Strong rent collection figures have enabled Schroder Real Estate Investment Trust to increase its quarterly dividend by 9% and outperform the MSCI benchmark.
Rent collected for the quarter ending 31 March 2021 currently totals 85% of contracted rents (as at 10 February 2021). Office and industrial rent collection remains strong at 96% and 98% respectively, with retail and leisure rental collection rates at just 54%.
Schroder said it was in “active dialogue” with its tenants for all rents due to be paid and expected to recover a significant portion of the outstanding amount.

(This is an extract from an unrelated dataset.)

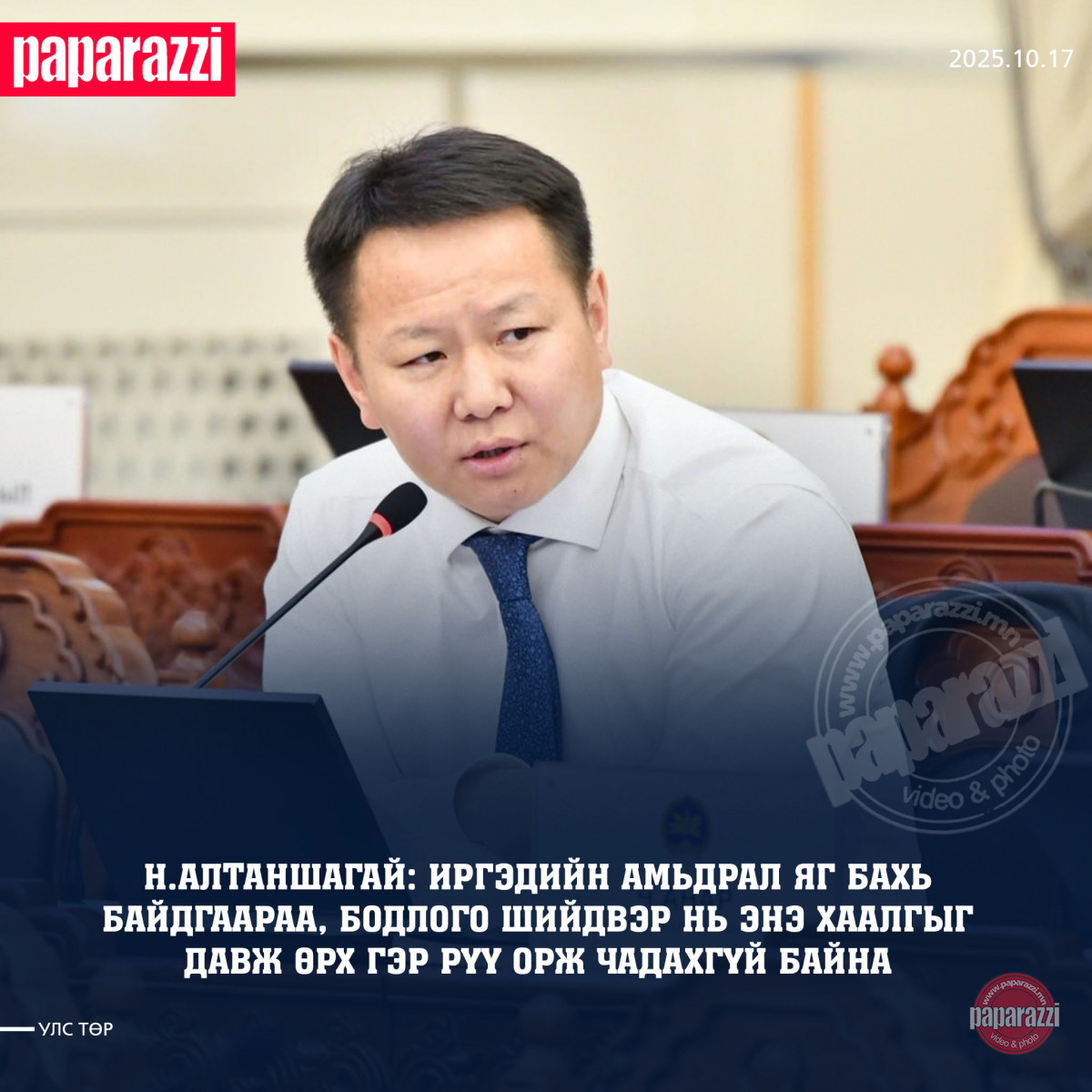 Багш нар нь эмч нар нь ажил хаячихсан, ахмадууд маань тэтгэврээ нэмүүлэхээр гудамд гараад суучихсан, ААН-үүд нь татварын реформ, хөнгөлөлтүүдийг хийж өгөөч гээд нүдээ ширгэтэл харж байна. Ийм байхад гишүүд чуулгандаа суухгүй инээд алдаад коридорт кофе бариад алхаж байна. Та нарт инээдэм байж болно. Ард, иргэдэд ханиадам байна.

An increase in weighting towards industrial, increasing from 30% to 37% during the three months to 31 December, has enabled Schroder to show resilience during the Covid pandemic. During the final three months of the year its underlying portfolio produced a total return of 1.9% – marginally outperforming the MSCI benchmark of 1.3%. The portfolio’s quarterly income return totalled 1.6%, compared with the benchmark’s 1.1%.
For the calendar year 2020, Schroder’s underlying portfolio produced a total return of 0.7% compared with MSCI’s -1.2%.
The firm said that it had £40m of cash and undrawn facilities available and that it would use these funds for acquisitions, investment in its existing portfolio and to continue its share buyback programme.